Saturday, May 12, 2007

My mama....

Sitting here with so many thoughts running through my head. I had planned to write something great for Mother's Day.....something well thought out and touching. The words just haven't came to me so I am just going to write..........it won't be anything fancy or spectacular but it is what is in my heart.

Mother's Day is by far the hardest day of the year for me now. I am not saying other holidays or special occasions don't hurt, but Mother's Day has been the worst. It is such a bittersweet day. I want so badly to focus on the good times, and remember all the happy times. I do this, but it doesn't hide the pain, the empty spot. How I wish my mama was still here, to share the day with me, so we could sit together and talk and laugh and just be together. I want to tell her just one more time that I love her, that I am so blessed to have called her my mother and my friend. If I had only known......I could have told her thank you for all the times she stood behind me, all the times she loved me unconditionally when it seemed no one else cared, all the tears she wiped from my cheek and all the hurts she kissed away. I always knew no matter what, I could go to her, we could talk about anything and everything. I had so much pride in telling people my mama was one of my best friends. To so many, that seemed like such a strange thing, to me.....it was one of the greatest feelings in the world. I wish I hadn't taken the time I had with her for granted, I wish I had told her more often what it meant to me to be able to say we were friends. I hope and pray that my kids will feel the same way about me and will always know that I will love them unconditionally.
It makes me sad that my children will grow up not having their grandma in their lives. I am thankful that they do have memories of her and I am determined to keep those memories alive for them. I want them to know how much she loved them and how special they were to her.
Not a day goes by that I don't think about her. It doesn't make a difference what is happening, something big or just day to day life. We shared everything. I miss being able to pick up the phone and just talk while I folded laundry, or washed the dishes. I miss being able to call her just to tell her it had been a stressful day and hearing her tell me tomorrow would be better. I miss being able to call her for no reason at all but somehow we would manage to stay on the phone for an hour or longer. I miss having my mama close enough that when it had been a bad day, all I had to do was call and she would come over. I miss her and it hurts.

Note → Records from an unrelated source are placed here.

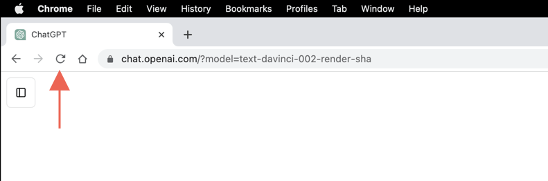 さわやかなChatGptは、多くの場合、AIチャットボットが正しく動作するのを防ぐランダムな技術的な不具合を排除する最も迅速な方法です。を選択しますリロードアドレスバーの横にあるアイコンは、Webブラウザーを使用している場合は会話を再開します。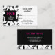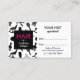 Eine schicke Terminkarte für eine Haarstylistin in Schwarz, Weiß und Magenta mit einer Silhouette von Haarstylist-Tools.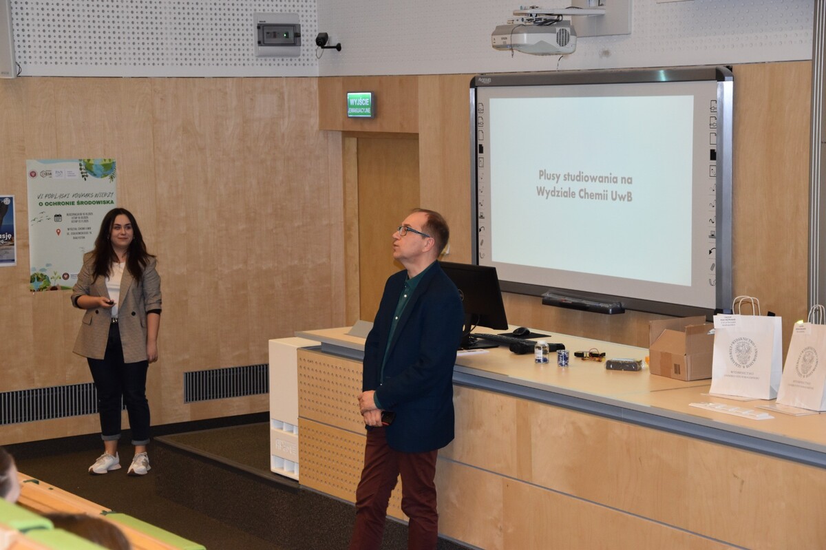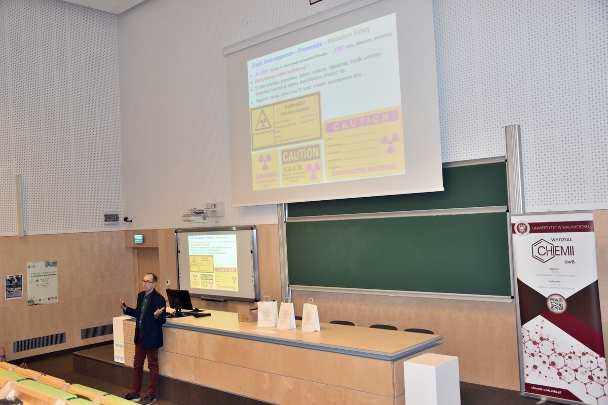 W trakcie wydarzenia uczestnicy mieli również okazję wysłuchać interesującej prelekcji prof. dra hab. Ryszarda Łaźnego poświęconej promieniotwórczości, a także zapoznać się z działalnością Koła Naukowego Chemików UwB „Pozyton”.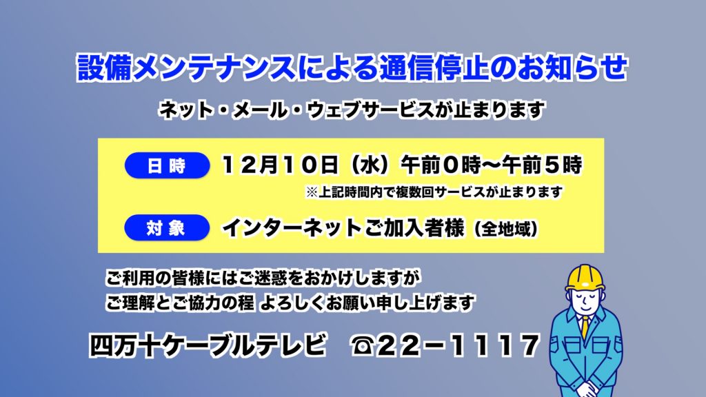 以下の日程においてインターネット設備のメンテナンス作業を実施させていただきます。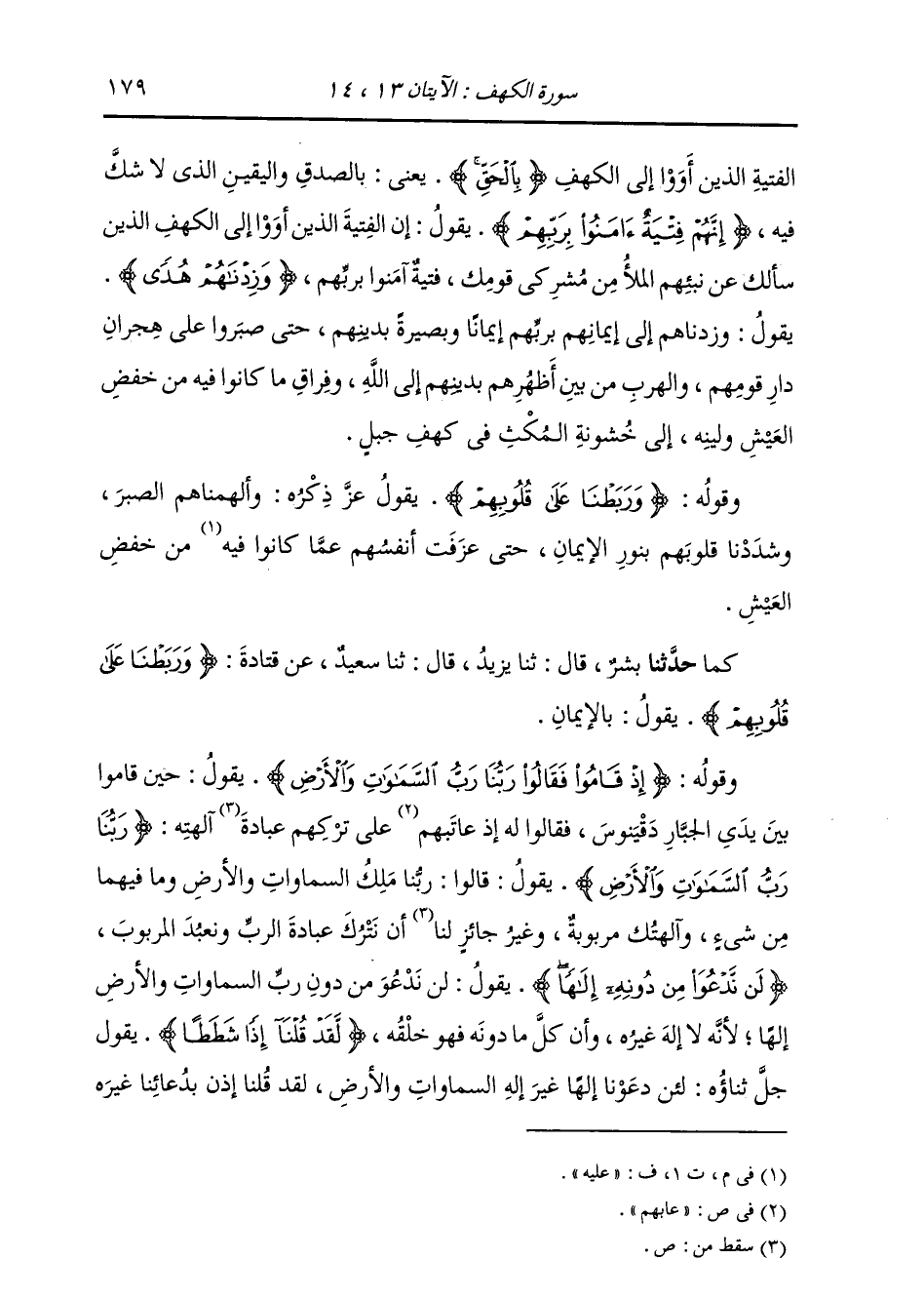 حَدَّثَنَا بِشْرٌ، قَالَ: ثنا يَزِيدُ، قَالَ: ثنا سَعِيدٌ، عَنْ قَتَادَةَ، {§وَرَبَطْنَا عَلَى قُلُوبِهِمْ} [الكهف: 14] يَقُولُ: بِالْإِيمَانِ

I know she would want me to be happy, to remember all the good times and wonderful memories. I know this and I try, I really do try but that doesn't make the tears stop or the empty spot in my heart go away. I know one day, the pain will go away, the day when I see her smiling face again when we meet in heaven. This is the one thing that gets me through each day. I thank God for the peace and comfort that could only come from HIM. I thank HIM for giving me the hope that I will see my mama again one day......and it will be forever, there will be no more goodbyes, no more tears, no more pain and emptiness. We can sit and talk and laugh for hours. I can smile now, even through the tears, knowing that we will be together again one day.
For now, I will rejoice that she is in such a better place, singing praises to our Lord ( and I am sure she is finding someone to pinch, or poke, or pick at too). I will continue to look for her presence through the butterflies around me and the sun rays through the clouds.

I could go on forever, but I will close for now.
Happy Mother's Day Mom. I love you and miss you.